Nel paragrafo precedente, analizzando il potere del CEO si è fatto cenno alla dimensione strutturale del potere, così come definita da Finkelstein (1992). Dato che anche in questa parte sarà presa in considerazione appare utile riportarne sinteticamente il significato: il potere strutturale è collegato alla distribuzione formale delle posizioni nella struttura organizzativa; alla posizione formale è legato il livello di autorità gerarchica a cui appartiene un membro dell'impresa. Sia la posizione formale che l'autorità attribuiscono al soggetto un potere che gli permetterà di gestire, controllando il comportamento dei suoi subordinati, le relazioni che sorgono in azienda. Nei casi in cui il potere strutturale di un manager sia elevato la sua dipendenza dagli altri membri del vertice dell'organizzazione sarà scarsa. Il senso del concetto di posizione formale può essere colto considerando i due elementi che meglio lo contraddistinguono:

• la retribuzione, una variabile che implicitamente permette di definire lo status del soggetto all'interno dell'organizzazione;

• la percentuale di titoli emessi dall'impresa in possesso del manager in questione. Un CEO che è anche il fondatore dell'impresa, oltre a possedere un alto potere strutturale avrà nelle sue mani un altro tipo di potere, legato al fatto di essere proprietario (al cento per cento, o solo in parte) dell'azienda: proprio per questo motivo può essere definito potere “proprietario”. A parità di condizioni un top manager possessore di una percentuale di azioni significativa avrà all'interno dell'organizzazione più potere rispetto ad un altro top manager con una percentuale azionaria minore o addirittura nulla (Zald, 1969). In aggiunta, sempre riportando il contributo di Finkelstein (1992), un CEO “fondatore” avrà rapporti molto più stretti e a lungo termine con il consiglio di amministrazione, il che gli permetterà di esercitare su questi un controllo implicito di portata rilevante. Il potere derivante dall'essere proprietario dell'impresa può essere in un certo senso valutato servendosi di tre diversi indicatori:

• azioni possedute dal dirigente: calcolate in percentuale sul totale delle azioni, comprendono anche le azioni in capo al suo coniuge e ai suoi figli;

totale delle azioni emesse dall'impresa, ne fanno parte le azioni in possesso, oltre al coniuge e ai figli, anche ai fratelli e ai genitori, riferendosi quindi a una cerchia familiare più estesa; è importante considerare anche questi soggetti poiché costituiscono una vera e propria fonte di supporto per il dirigente (Finkelstein e Hambrick, 1989);

• fondatore o altre parentele: il potere “proprietario” può derivare anche da relazioni personali con altri manager che hanno all'interno dell'impresa una notevole importanza; il legame di parentela o il fatto di essere fondatore dell'azienda (o un familiare dello stesso) attribuiscono indubbiamente al dirigente un potere di una certa entità.

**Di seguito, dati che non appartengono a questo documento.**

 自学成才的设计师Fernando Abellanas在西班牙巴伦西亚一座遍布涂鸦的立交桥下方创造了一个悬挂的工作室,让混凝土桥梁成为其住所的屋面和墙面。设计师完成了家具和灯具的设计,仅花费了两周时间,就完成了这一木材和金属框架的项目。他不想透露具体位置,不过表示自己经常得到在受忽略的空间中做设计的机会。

La combinazione dei due poteri appena descritti fa sì che un CEO “fondatore” sia meno incline ad accettare compromessi e opinioni provenienti dai membri del CdA, e avrà in azienda un ruolo molto più dominante rispetto ad un CEO che non è un fondatore della stessa (Adams, Almeida e Ferreira, 2005). Altro aspetto da segnalare è che la libertà d'espressione viene in un certo senso ostacolata: in primo luogo i soggetti facenti parte del CdA saranno restii a manifestare le loro opinioni e a condividere le informazioni in loro possesso; in secondo luogo si perderanno i benefici derivanti dalla condivisione delle conoscenze polifunzionali dei manager. Questi inoltre si sentiranno maggiormente in soggezione di fronte al CEO “fondatore” e ai suoi giudizi, subendo una conseguente riduzione della loro sicurezza psicologica (Carmell e Schaubroeck, 2006): ciò significa che i membri del CdA avvertiranno scarsa accettazione e poco rispetto da parte del CEO, e quindi saranno meno motivati ad operare secondo modalità ottimali e a migliorare la performance dell'impresa.